Differential Diagnosis #1: Pelvic Inflammatory Disease (PID)
Rationale
The patient’s description of pelvic pain during menstruation, dysuria, and dyspareunia are often symptoms of Pelvic Inflammatory Disease (PID).
PID is an infection caused by bacteria that travels from the vagina or cervix to your womb, fallopian tubes, or ovaries and causes an infection. PID is often caused by bacteria from chlamydia and gonorrhea. (“Pelvic Inflammatory Disease”, n.d.)
PID would be ruled out with a vaginal swab to test for any organisms that might have caused the infection (especially chlamydia or gonorrhea), a transvaginal ultrasound, or with laparoscopy.
Differential Diagnosis #2: Ovarian Cysts
Rationale
Again, the presentation of pelvic pain during menstruation, dysuria, dyspareunia and also dyschezia are common symptoms of ovarian cysts.
Ovarian cysts are fluid-filled sacs in the ovary. They are common and generally have no symptoms and resolve themselves with no intervention. When cysts grow large or multiply is when they can cause painful symptoms and/or further problems.
There are several different types of ovarian cysts including dermoid cysts, cystadenomas, endometriomas, and the most common form, functional cysts (which are further subdivided into follicle cysts and corpus luteum cysts).
To rule out an ovarian cyst, a pelvic exam can be performed to palpate for swollen masses on the ovaries. An ultrasound can also be performed to visually verify or nullify. (Higuera, 2015)

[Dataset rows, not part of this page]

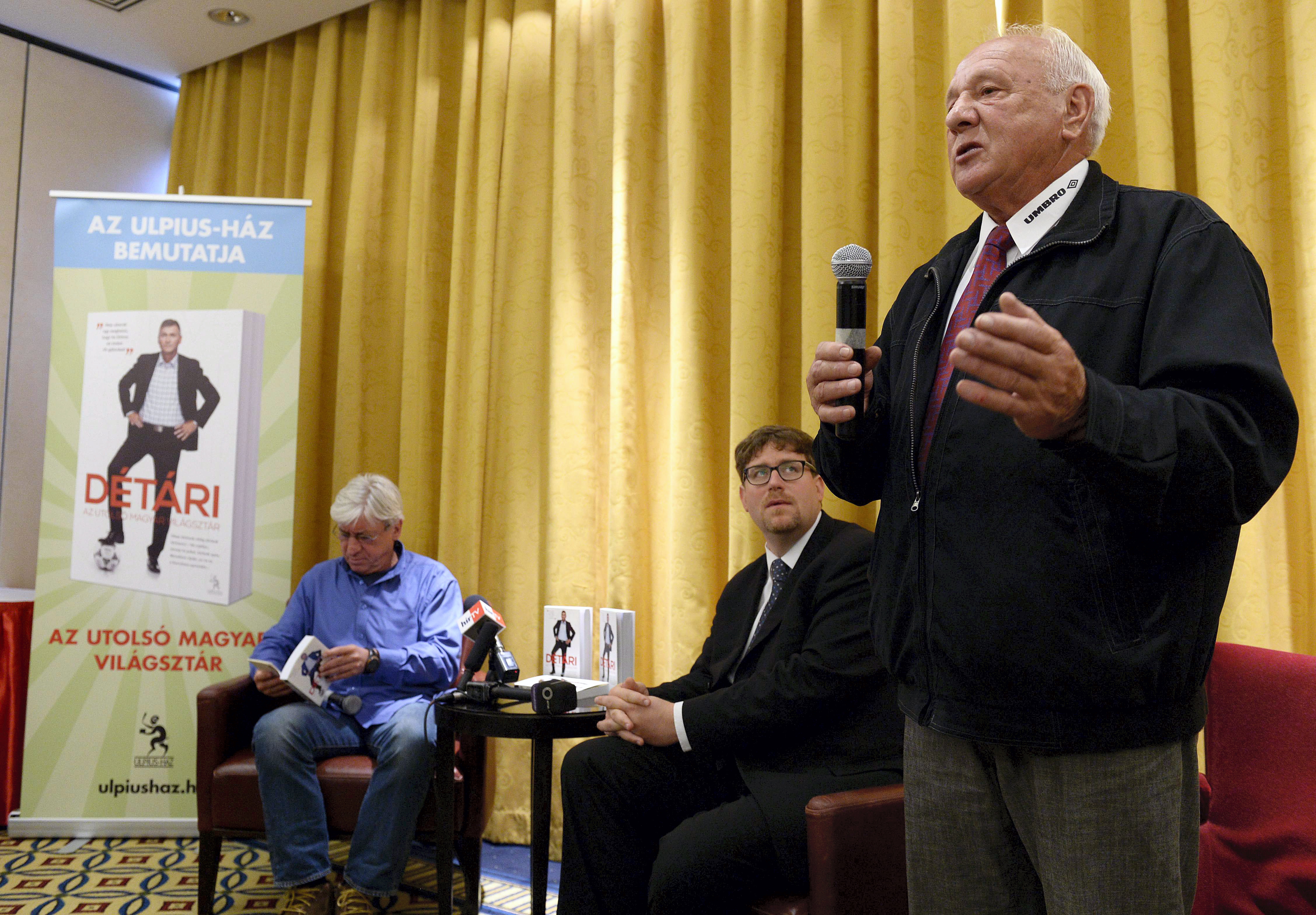 Budapest, 2013. szeptember 24. Komora Imre labdarúgóedző (j) a Détári Lajosról, a 61-szeres válogatott labdarúgóról készült, Az utolsó magyar világsztár című könyv bemutatóján a budapesti Marriott Hotelben 2013. szeptember 24-én. Mellette Buzgó József, a Nemzeti Sport főszerkesztője (b) és Szöllősi György, a FourFourTwo futballmagazin főszerkesztője (k). A 299 oldalas mű az eddigi utolsó magyar világbajnoki gól szerzőjének játékos és edzői pályafutását mutatja be, valamint rövid betekintést enged az ötvenéves Détári ( Döme) családi életébe is. MTI Fotó: Bruzák Noémi
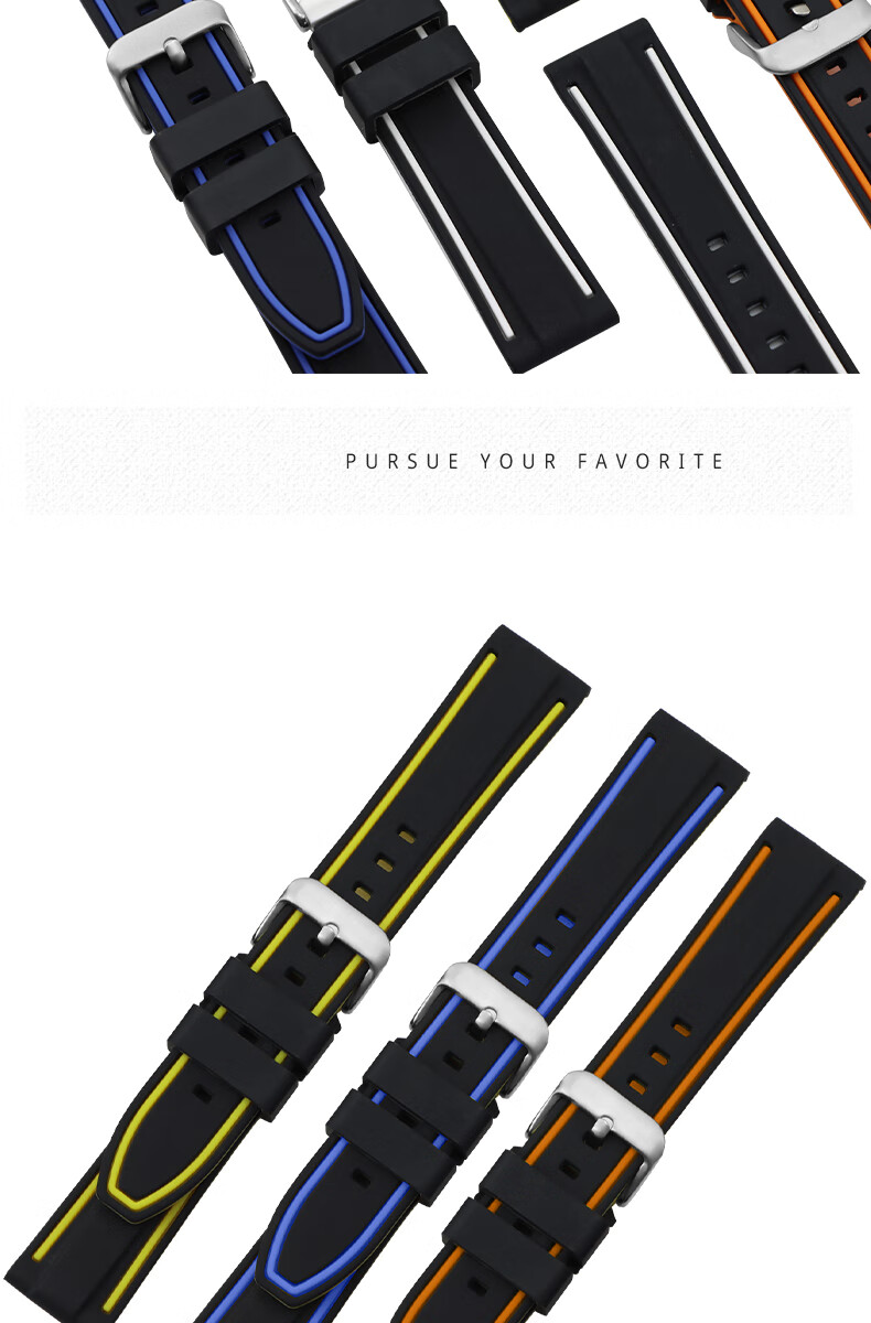 君禾雅适用于硅胶表带男马克华菲FW8228 FW6180 FW6210机械手表带20 22m 黑间红色 24mm
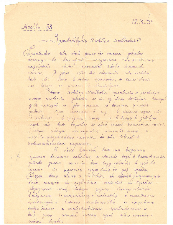 Еще одно письмо от 12 декабря 1941 года (Москва-53, п/я 3857/р, просмотрено военной цензурой), которое пришло в пединститут от Андрея Лещенко:
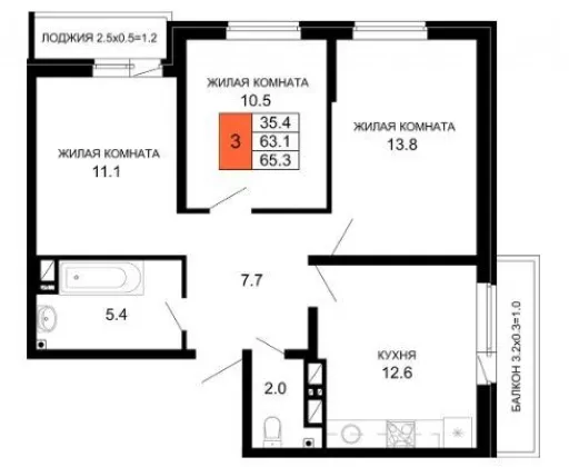 Продается 3-х комн. новостройка, 65.3 кв.м., 11/16 эт
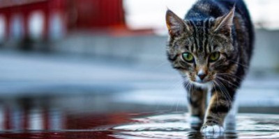 Crno-bela maca je prošetala pistom, a zatim pokušala da se igra sa jednom od manekenki. Posebno je zanimljivo delovalo to što je maca bila u tonu sa crno-belim odevnim komadima koje su nosile manekenke.
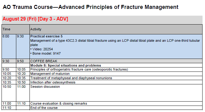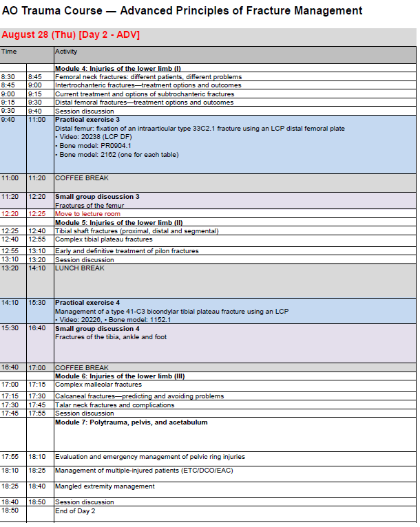 AO trauma course는 정형외과 전문의(또는 전공의)를 대상으로 골절에 대한 교육을 하는 과정입니다.
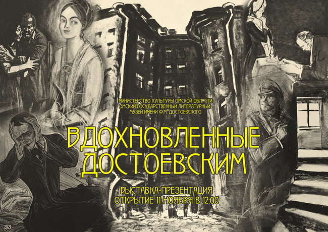 В 12.00 в лекционно-выставочном зале музея состоится выставка-презентация коллекции графики, переданной музею в 2019 году Министерством культуры РФ. Это иллюстрации к произведениям Достоевского, выполненные известными художниками. В их ряду: Бениамин Басов, Илья Богдеско, Виталий Горяев, Андрей Гончаров, Юрий Могилевский, Юрий Перевезенцев, Станислав Косенков, Владимир Минаев, Михаил Ройтер, Александр Смирнов, Мария Чуракова, Сергей Якутович. Выставка «Вдохновленные Достоевским» завершит одноименный проект, экспонирующий в течение года произведения изобразительного искусства, объединенные темой «Образы Достоевского и его героев». Все работы, представленные в этом проекте – из фондов литературного музея имени Ф.М.Достоевского.
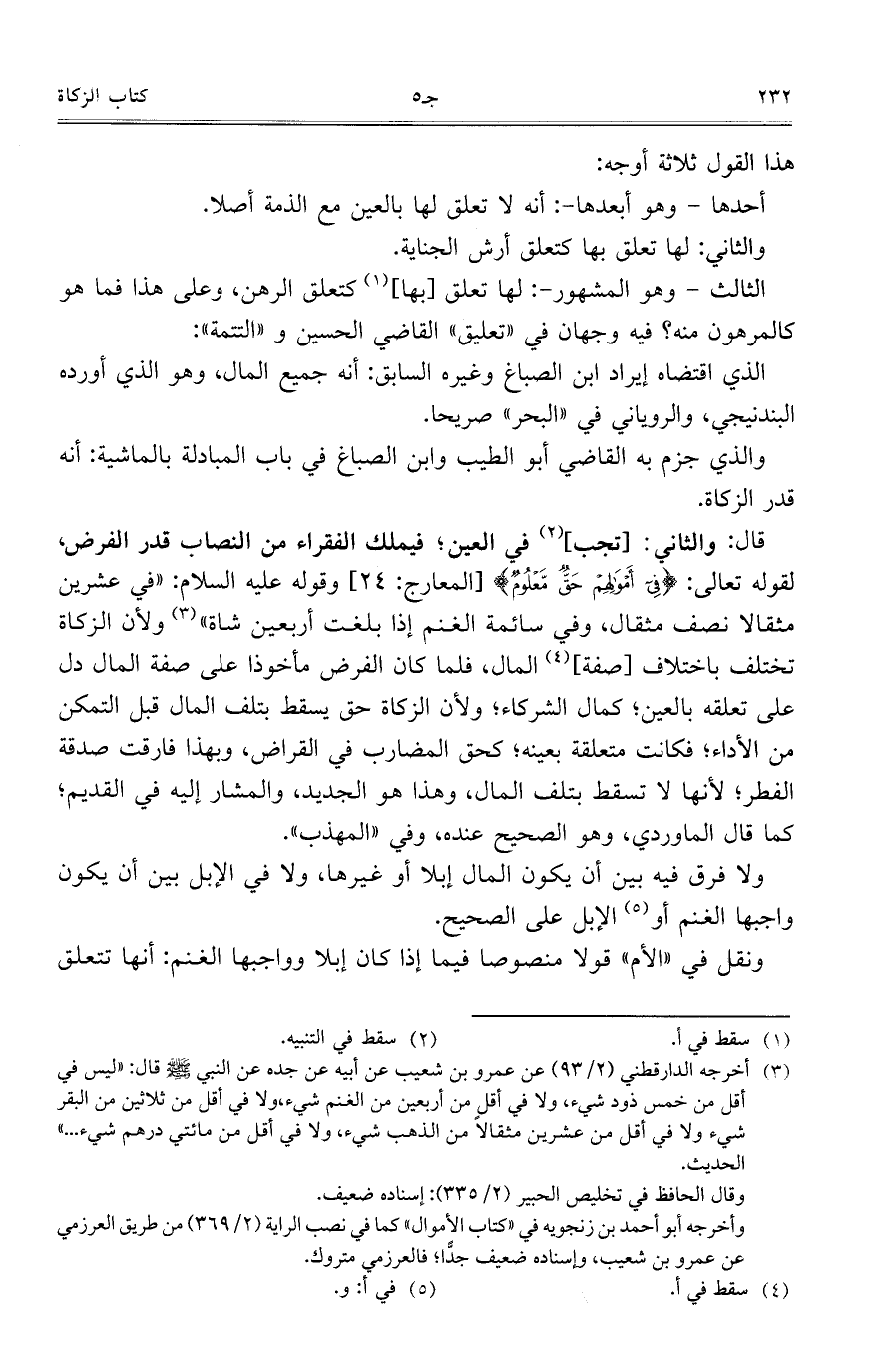 قال: والثاني: [تجب] في العين؛ فيملك الفقراء من النصاب قدر الفرض، لقوله تعالى: {فِي أَمْوَالِهِمْ حَقٌّ مَعْلُومٌ} [المعارج: 24] وقوله عليه السلام: "في عشرين مثقالاً نصف مثقال، وفي سائمة الغنم إذا بلغت أربعين شاة" ولأن الزكاة تختلف باختلاف [صفة] المال، فلما كان الفرض مأخوذاً على صفة المال دل على تعلقه بالعين؛ كمال الشركاء؛ ولأن الزكاة حق يسقط بتلف المال قبل التمكن من الأداء؛ فكانت متعلقة بعينه؛ كحق المضارب في القراض، وبهذا فارقت صدقة الفطر؛ لأنها لا تسقط بتلف المال، وهذا هو الجديد، والمشار إليه في القديم؛ كما قال الماوردي، وهو الصحيح عنده، وفي "المهذب".
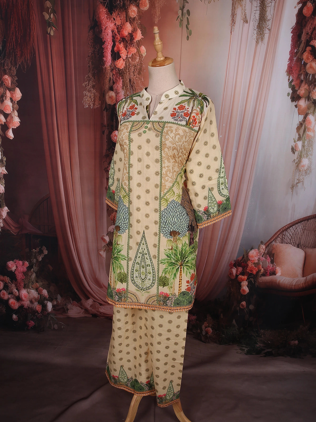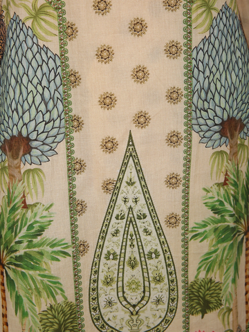 Graceful, refreshing, and inspired by nature’s elegance, this Soft Sand Beige Cotton Palazzo Suit is a perfect blend of comfort and statement artistry. Designed in a soothing beige tone, the ensemble features intricate botanical prints in refreshing shades of leaf green, soft coral, and subtle earthy accents, creating a harmonious and eye-catching look.
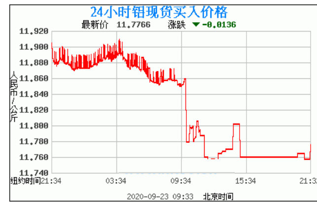 铝锭价格走势图今日最新铝锭行情(2020年9月23日) 今日最新铝锭行情:11.7766 备注:以上钯金价格仅供参考,请以官方价格为准。
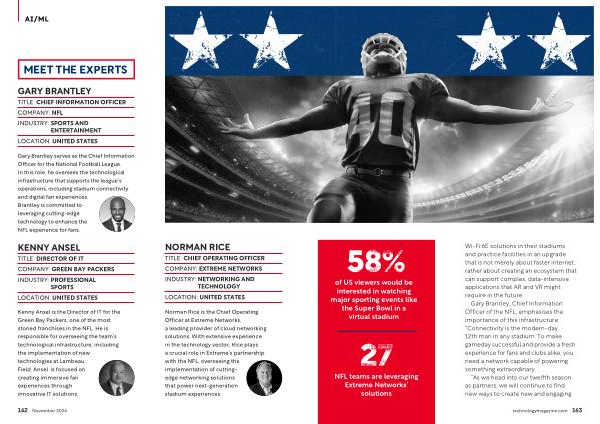 Norman Rice is the Chief Operating Officer at Extreme Networks , a leading provider of cloud networking solutions . With extensive experience in the technology sector , Rice plays a crucial role in Extreme ’ s partnership with the NFL , overseeing the implementation of cuttingedge networking solutions that power next-generation stadium experiences .

Differential Diagnosis #3: Endometriosis
Rationale
The patient’s presenting symptoms of dull and cramping pelvic pain longer than 6 months, dyschezia, dysuria, dyspareunia, and history of inability to conceive would provide rationale for endometriosis. It would be necessary to rule out the above two possibilities, as the clinical manifestations of endometriosis can often look like other disease processes (McCance & Huether, 2014). We would start with an exam and palpate for pain. A transvaginal ultrasound would be used to attempt to visualize an endometrial growth outside of the uterus but the gold standard for confirmation of endometriosis is laparoscopy (Hsu, Khachikyan and Stratton, 2010).